--- AVAILABLE DATA Enclosed Below ---

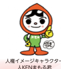
人権イメージキャラクター 人KENまるる君
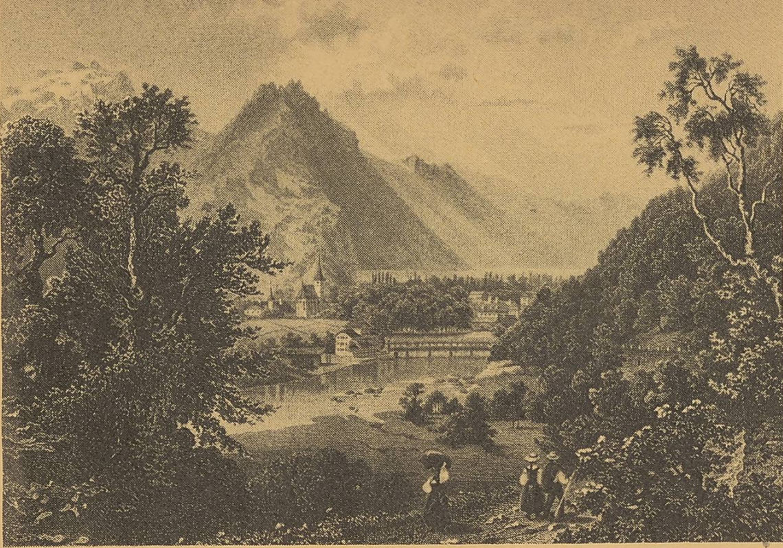
Aarelandschaft bei Interlaken nach einem alten Stich.

Paysage des bords de l'Aar d'après une ancienne illustration.

--- End of Enclosed AVAILABLE DATA ---

ASSIGNMENT: Return an exact copy of only the lines from the one with "Aarelandschaft bei Interlaken" through the end of the listing above, both included.

EXERCISE SOLUTION:
Aarelandschaft bei Interlaken nach einem alten Stich.

Paysage des bords de l'Aar d'après une ancienne illustration.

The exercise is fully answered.